The present invention relates to timing adjustments, and more particularly to composite video timing adjustments using digital resampling.
Sub-pixel timing adjustment capability is a common requirement in video processing equipment which is synchronized, or genlocked, to a video plant timing reference, such as "black burst." Offsets, generated either by analog or digital delay lines, are typically used to compensate for varying cable lengths which distribute the video signal throughout the video plant. The routing distances, and therefore the time delay of the video signal, vary throughout the video plant, but must be time aligned when recombined. Sub-pixel timing adjustment satisfies this timing requirement.
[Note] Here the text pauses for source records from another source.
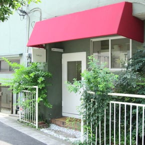 根津美術館の通りを赤坂方面へ。1つ目の信号の先、 赤いテントが目印です。
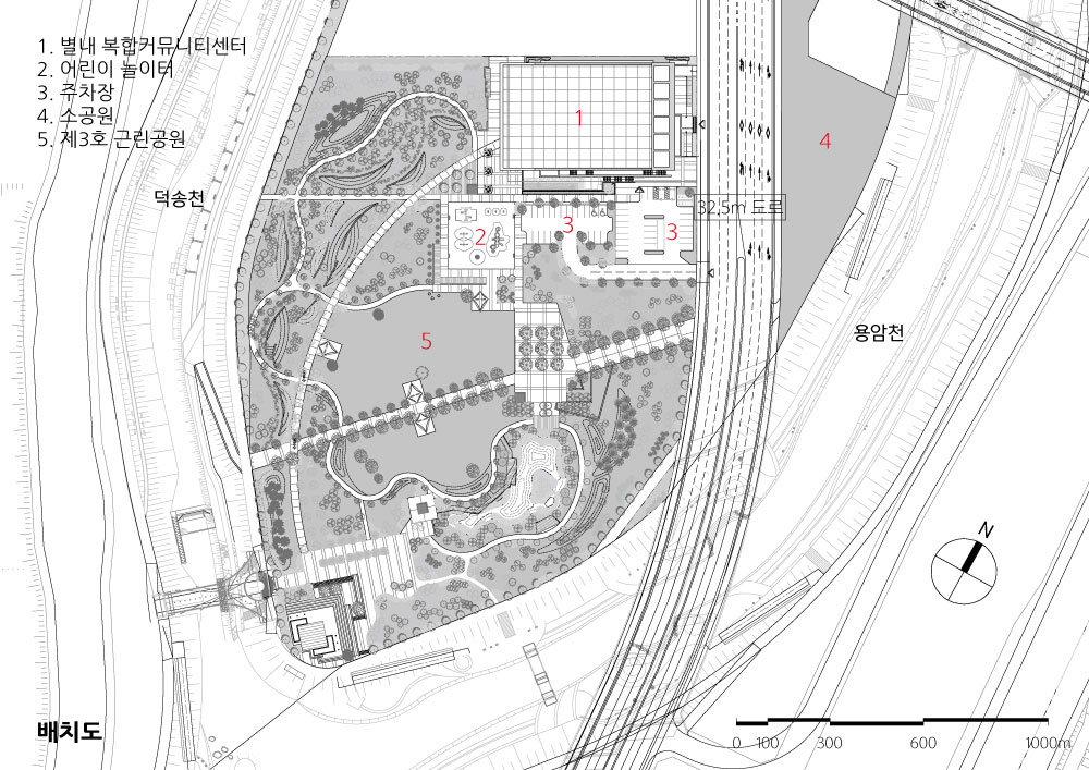 대지의 해석을 통한 매스의 설정과 주변환경에 순응하는 배치계획을 했다. 대지의 입지현황분 석에 따라 주요실과 매스 배치방향을 남동, 남서로 하여, 채광과 일조를 최대화하고, 도시축 상의 가로경관을 고려한 FACADE와 불암산을 배경으로 이루어진 대지환경과의 연계성을 고려한 조망계획을 했다.
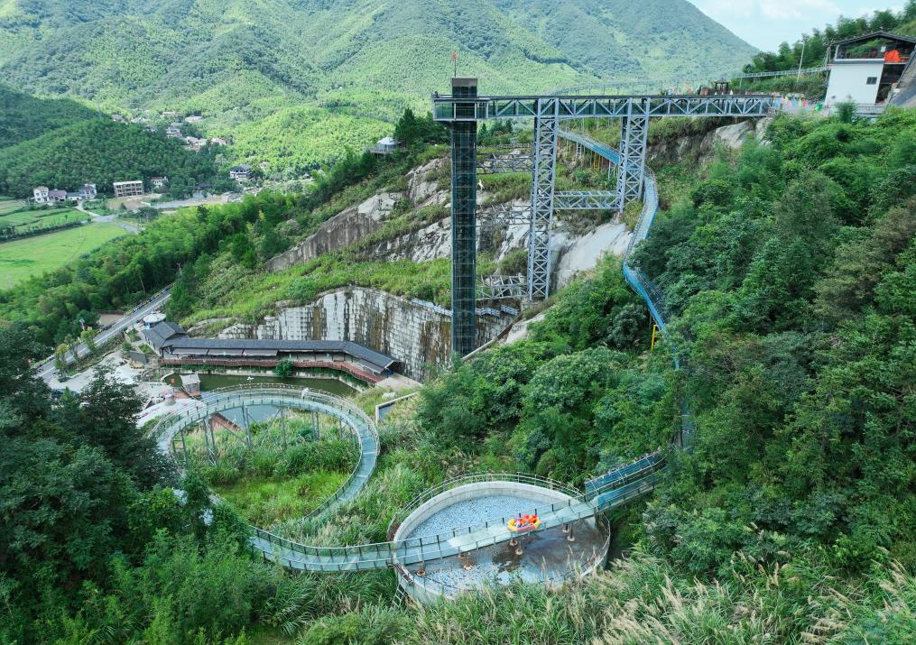 2023年8月3日,游客在浙江湖州安吉县鄣吴镇利用废弃矿山改建的漂流点体验空中漂流。新华社记者 翁忻旸 摄

Integral pixel timing adjustments typically are used to compensate for delay introduced by digital video processing equipment, which introduce delays in multiples of a digital video clock period, present in other video plant channels.
The current state of the art for sub-pixel digital video waveform timing offsets is to use a number of "D" flip-flop registers to pipeline the digital video signal, where a series of cascaded clocks feed these registers. The cascaded clocks are buffered by some type of voltage or current controllable analog delay element. The controlling voltage or current originates from a digital to analog converter (DAC), allowing the delay to be digitally controlled. Numerous methods for implementing the delay are commercially available including those that use a triggered ramp/comparator type of vernier such as the Analog Devices AD9500, that use variable delay logic gates such as the Brooktree Bt622, and that use voltage variable capacitors (varactors) as the programmable delay element such as variable group delay, buffered, LC filter chains. Because of intrinsic propagation delays and setup/hold requirements in the registers and clock verniers, all of these methods require a minimum of two stages, and typically three stages, to implement sub-pixel delay which overlaps a full clock period. Because of the overlapping, monotonicity in crossing clock period boundaries and continuity in interacting with the integer pixel timing offset block requires at a minimum extensive calibration, and may be impossible to achieve. In addition these clock buffers, because of their analog nature, add jitter to the clock. This jitter increases in intensity with each additional pipeline stage. Clock jitter ultimately causes added distortion and noise in the digital to analog conversion process.
What is desired is a composite video timing adjustment method which is more precise than these prior methods and uses only a single, non-delayed master clock.